Monday 31 March 2014

Twin Peaks: Tsukuba-san (筑波山), Ibaraki

 
On a clear day, look out from a high vantage point in Tokyo, such as Tokyo Tower or the Skytree. To the west the mountains ring the horizon, a reminder that everything here, even this urban infinity, subsists at the pleasure of Japan's volcanic geology. At one extreme, Mount Fuji watches on in its silent vigil. Towards the other, the imposing ice-capped spine of Honshu rears redoubtable in the background.

East towards the sea, however, everything is flat. There is scarcely a hill to be seen. But there is one exception: a conspicuous double-mountain to the northeast, all the more peculiar for how it has that skyline all to itself.

It is Mount Tsukuba (筑波山) – one of the 100 Famous Japanese Mountains.
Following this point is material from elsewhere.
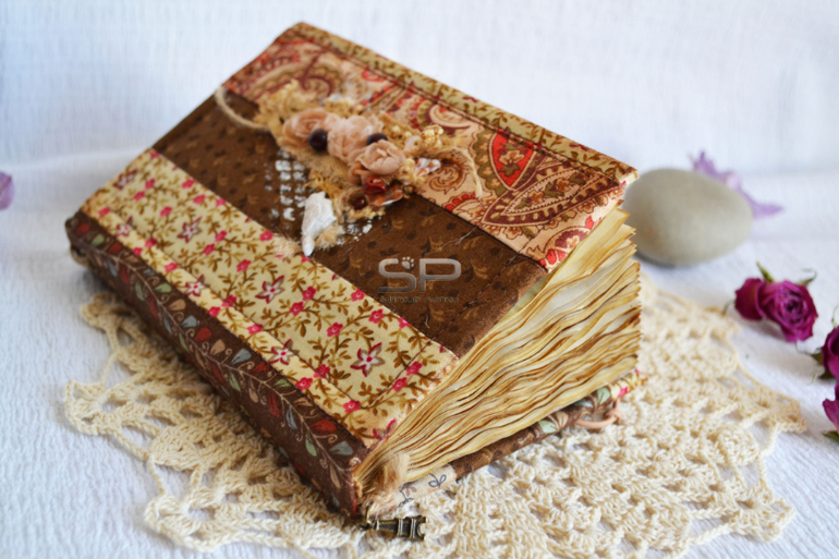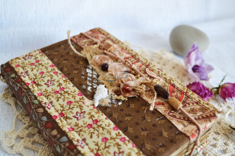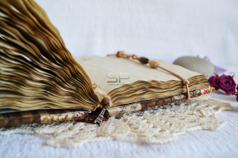 Обложка декорирована кружевом, деревянными бусинами, ракушками и натуральным камнем.

The principal mountain in the flat southern half of Ibaraki Prefecture, it overlooks the “Science City” of Tsukuba, a 1960s planned concern devoted to scientific research and discovery which houses the prominent University of Tsukuba, as well as an Annex of the National Archives of Japan.

Mount Tsukuba has two peaks: Nantai-san (男体山, “male body mountain”), at 871m high, and Nyotai-san (女体山, “female body mountain”), the rightfully taller at 877m. A sacred mountain, the peaks are respectively associated with Izanagi and Izanami, the ancient Shinto deities who mythologically birthed Japan's islands, gods and people. The Tsukuba Shrine at the mountain's base is one of the oldest in Japan; people have been coming there to worship the mountain for 1,300 years.

Tsukuba Shrine.
Tsukuba-san is notably not volcanic. It is composed mostly of granite, and features many large boulders and rock formations for which it is famous, each bearing its own resemblances or stories. The best-known of these is the “Toad Rock”, whose apparent likeness has given Tsukuba-san a permanent cultural association with toads now profusely represented in its installations and merchandise.
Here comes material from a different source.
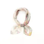 小ぶりなスクエアサイズで、アスコットタイのようにシャツやブラウスの中におさめて使うこともできます。室内でも巻いたままでいられるので使いやすくなっています。

The “Toad Rock”. Note the mass of stones in its “mouth”. More on how they got there later.

Add to this the mountain's superb variety of trees and seasonal flowers, the panoramic views across its surrounding flats, and its easy accessibility, and you have a recipe for another massive mountain touristification phenomenon. The saddle between the two peaks has been colonised by restaurants, souvenir shops and viewing platforms, serviced from two directions by a cable car and a ropeway. Fortunately humanity's works have not nearly overwhelmed it so much as, say, Takao-san, but if you go, do not expect to have much of the mountain to yourself except in the most immiserating weather conditions.

The view north from the saddle.
 
This does however make Tsukuba-san a flexible day's outing. Only an hour and a half from central Tokyo by public transport, it offers a relaxing family excursion with much to enjoy for dogs and small children, requiring only as much physical exertion as you are comfortable putting in. As a more serious walk, it offers a steep but forgiving hour-and-a-half ascent up the mountain, and a rocky ramble across and down which in total can be completed in as few as four hours, or five to six if you opt to explore multiple paths or take your time around the top. Experienced hikers will find little to challenge them, but Tsukuba-san is perfect for unconfident beginners seeking to gauge their endurance, or for some good exercise to get back in shape.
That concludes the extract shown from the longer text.